The Editor, Sir:
Two months ago, I visited a marine lab in St Ann for a field study in marine environment.
One of the observations, as we walked along the shore, was the disgusting and enormous amount of solid waste along the shoreline. I was in disbelief that this was happening in Ocho Rios, a major tourist resort.
Several questions bombarded my mind: 'Where did all this waste come from?' 'What can be done to reduce or prevent this influx of solid waste on the shoreline?'
It was obvious that several tributaries emptying into the sea were the main channels. Solid waste dumped in gullies, canals and rivers are propelled by the force of water, especially after heavy rain.
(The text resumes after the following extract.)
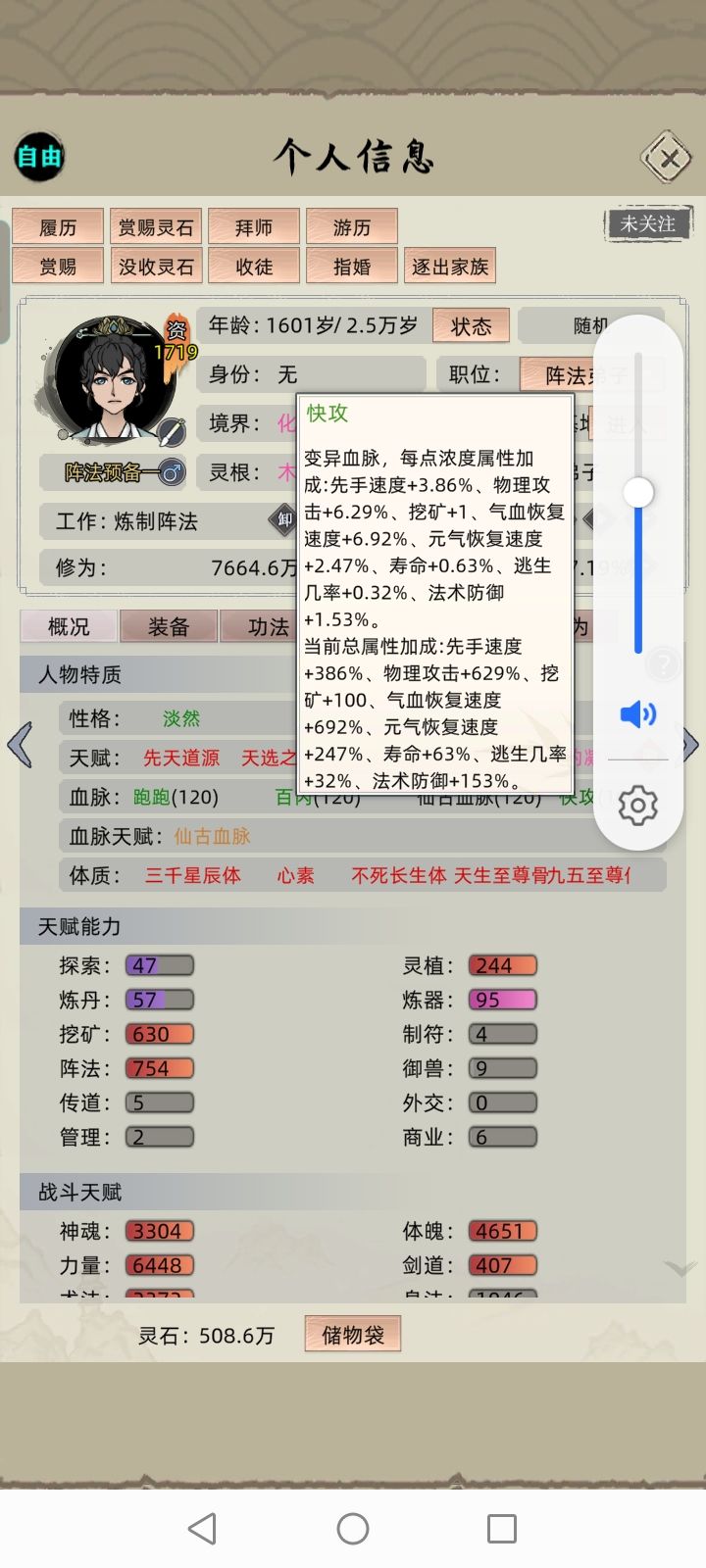 众所周知(之前论坛有人发过)变异血脉的属性效果取决于修士面板属性的占比。举个栗子:就是物攻高的修士觉醒血脉,更容易出高物攻天赋,先手高的同上。有人集齐三名人血脉加十多个红色体质、天赋,试图用一个六边形战士觉醒一个六边形天赋。但是人不能既要又要,什么都想要的后果就是,你会得到一个平平无奇的血脉,而这个血脉,还是你数十次回溯时间所能得到的最好结果。这对战斗修士或许影响不大,但对生活职业的修士,是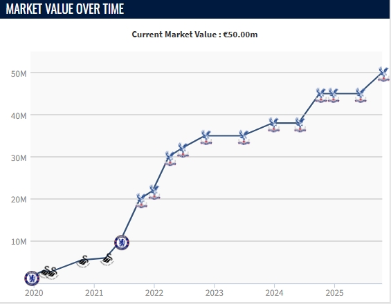 10月17日讯 当天德转更新英超球员身价,25岁水晶宫中卫格伊身价涨至5000万欧,创生计新高。

This waste not only defaces the shorelines but also destroys coral reefs, seagrass beds and mangrove swamp areas, which serve as a habitat for a myriad of organisms.
Turtles, for example, consume transparent pieces of plastic bag for jelly fish, one of their main food sources. Scenarios like these, if left unaddressed, can wipe out the turtle population.
However, there is hope. Through education, we can reduce or prevent the amount of solid waste reaching the shorelines by organising environmental clubs in and around the communities, visits to schools and increased public awareness via the media.
Encourage practices such as reducing, reusing and recycling material, as well as enforce penalties for improper waste disposal.
We need to adopt simple methods such as utilising organic kitchen waste to replenish soil in backyard gardens or reusing old tyres for planting. Let us, through education, keep Jamaica clean.